Project Ezra Schools - Established 1985
Miskito Indians, an indigenous tribe residing along the Caribbean coast of Honduras & Nicaragua.
Living in one of the most remote corners of the Central America means access to this area is limited to airplanes, boats, and foot. The principle highway through this region is the Coco River, the border between Honduras & Nicaragua.

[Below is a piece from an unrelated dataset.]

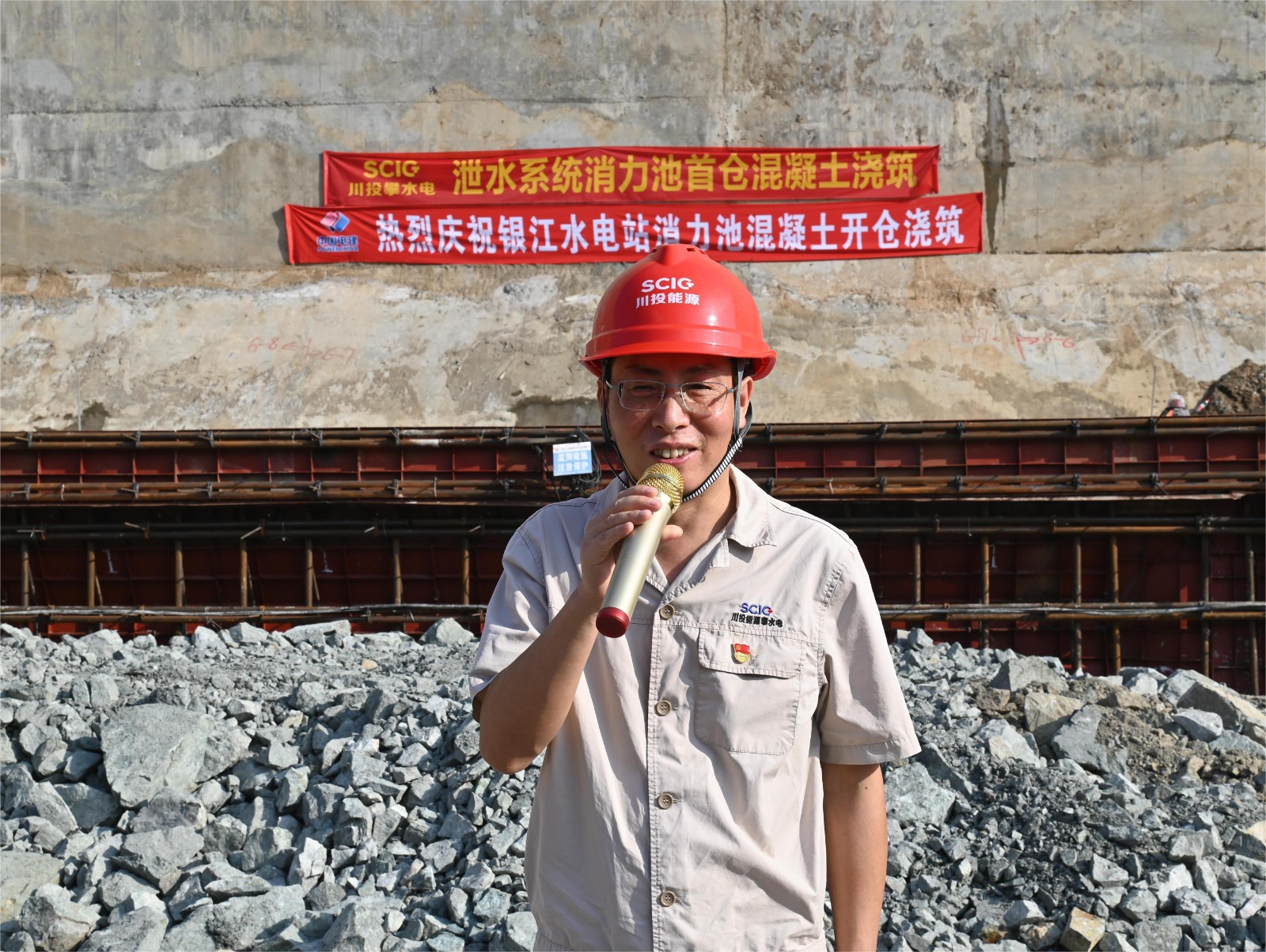 “現在我宣布泄水係統首倉混凝土澆築正式開始”,9月29日下午,在川投能源副總經理、公司黨總支書記、董事長徐孝剛的一聲指令下,銀江水電站泄水係統首倉混凝土正式開始澆築,標誌著主體工程施工由開挖逐步轉入混凝土澆築階段。

In 1980, the Marxist Sandinista government of Nicaragua took control of the Miskito people. They confiscated boats, motors, and vehicles. Cubans arrived and began teaching a very atheistic & militaristic curriculum using drawings of assault rifles and grenades in their math books. Miskito leaders that resisted began to “disappear”, causing an armed uprising against the Sandinistas. As a result, in 1981 the government began a campaign to remove all inhabitants from the Coco River. Houses were burned, cattle killed, and fruit trees cut. 60,000 refugees escaped to neighboring Honduras. Over 100 communities were destroyed.
Rio Coco Chief Michael Bagby traveled from Maui to Honduras in 1984 with a relief team to deliver supplies donated by many individuals and churches on Maui, working with Truman Cunningham, a Miskito who coordinated the relief project.
In 1985 a Miskito teacher, Augusto Vicente, asked for help starting a school for refugee children. We purchased notebooks and pencils and Augusto began teaching a class that year. The following year, Sharon & Earl Washburn, teachers from Washington, helped us train teachers. Michael flew to Tegucigalpa, where he met Victoria Palacios, a professor of education and author of the “Coleccion Catrichitos” curriculum. Victoria volunteered to train our teachers and supply us with her schoolbooks.
In 1987, we began primary schools in 12 refugee villages and named the effort “Project Ezra” after a famous Biblical refugee. It was the following year that Laura Uyeda, President of Rio Coco, joined the team as Michael’s wife.
The war ended in 1990, and all the refugees returned to Nicaragua. The new Minister of Education asked us to cross the Coco River and become the “official” school in eight communities on the lower Rio Coco. Since then Project Ezra has grown in scope and quality.
Currently Project Ezra has primary and secondary schools in nine communities along the Rio Coco employing 54 teachers with an enrollment of over 1,600 students. Augusto Vicente still directs the school project with help from Truman’s son, Danilo Cunningham.
Over the past three decades, thanks to many volunteers, financial partners, and the Rio Coco Cafes, we have provided food and clothing, school supplies, teacher training, and educated thousands of Miskito children, many who are serving now as pastors, teachers and community leaders.